▶ _YOUR TASK_: Please copy out the full listing that follows exactly; no picture belongs in the copy.

▶ _DATA_:
====

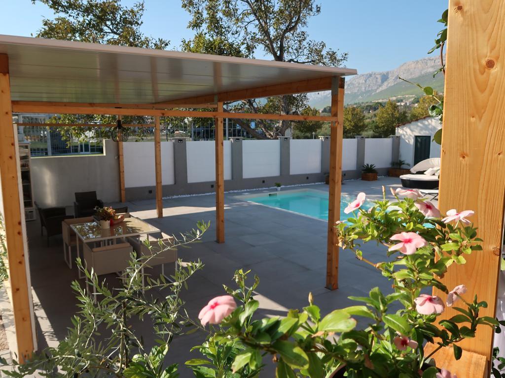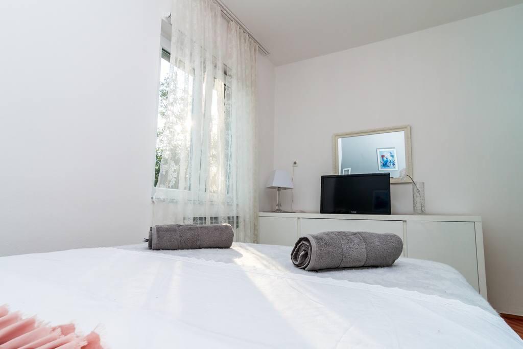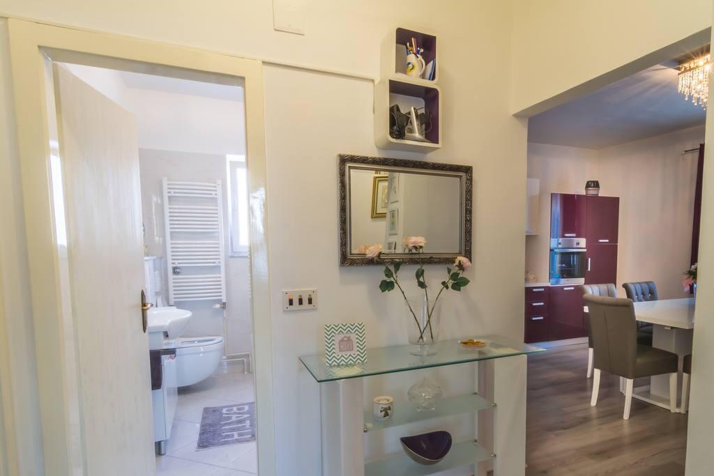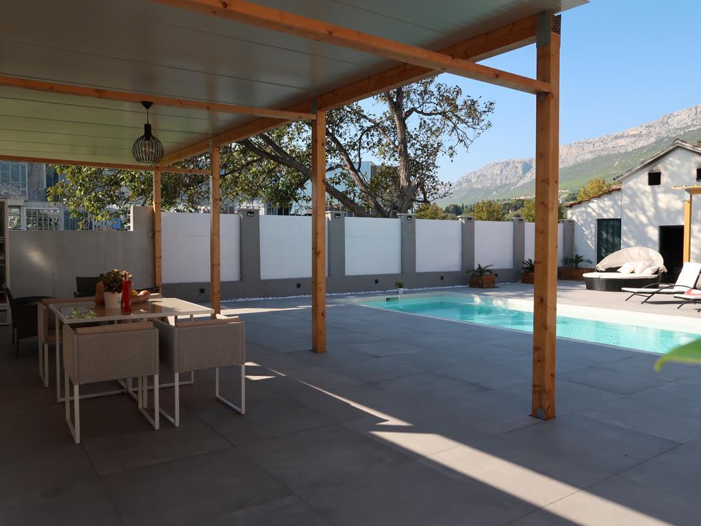 This modern furnished apartment of 85m2 is located in a house with big garden and private parking, offering a comfortable stay for 6 people. Apartment is spacious and very tasty decorated. There is a fully equipped modern kitchen with big table in the dining room. There is spacious living room with large comfortable sofa where you can take a rest after long day watching TV on flat-screen. There are also two bedrooms and big bathroom. The apartment also offers big private swimming pool. Apartment is located in the center of Solin. Its just a few minutes by foot from grocery shop, fish market, coffee bars, hairdreses, post office...Quiet and cozy place to stay.
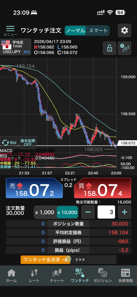 2026年4月17日、ドル円は159円を割れた瞬間に急落した。
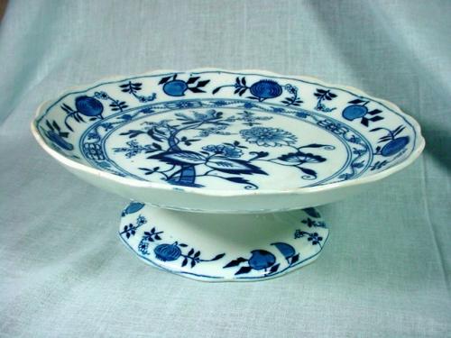 MEISSEN OLDEST MARK PEDESTEL DISH IN THE ONION PATTERN. 3" X 9"
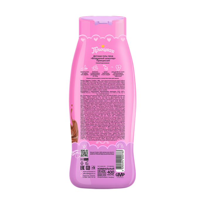 Настоящим сладкоежкам посвящается! Невероятно вкусный и воздушный! Гель-пена - просто незаменимое средство для бережного ухода и мягкого очищения детской кожи, делает ее гладкой и бархатистой, а шоколадный аромат придает бодрость и солнечное настроение. Настоящее шоколадное удовольствие для любимой Принцессы! Используйте как гель для душа и как пену для ванны - просто добавьте гель в воду и взбейте пышное шоколадное пенное облако. Состав гель-пены адаптирован для детской кожи и богат натуральными экстрактами и активными компонентами.

====

▶ _RESULT_:
 This modern furnished apartment of 85m2 is located in a house with big garden and private parking, offering a comfortable stay for 6 people. Apartment is spacious and very tasty decorated. There is a fully equipped modern kitchen with big table in the dining room. There is spacious living room with large comfortable sofa where you can take a rest after long day watching TV on flat-screen. There are also two bedrooms and big bathroom. The apartment also offers big private swimming pool. Apartment is located in the center of Solin. Its just a few minutes by foot from grocery shop, fish market, coffee bars, hairdreses, post office...Quiet and cozy place to stay.
 2026年4月17日、ドル円は159円を割れた瞬間に急落した。
 MEISSEN OLDEST MARK PEDESTEL DISH IN THE ONION PATTERN. 3" X 9"
 Настоящим сладкоежкам посвящается! Невероятно вкусный и воздушный! Гель-пена - просто незаменимое средство для бережного ухода и мягкого очищения детской кожи, делает ее гладкой и бархатистой, а шоколадный аромат придает бодрость и солнечное настроение. Настоящее шоколадное удовольствие для любимой Принцессы! Используйте как гель для душа и как пену для ванны - просто добавьте гель в воду и взбейте пышное шоколадное пенное облако. Состав гель-пены адаптирован для детской кожи и богат натуральными экстрактами и активными компонентами.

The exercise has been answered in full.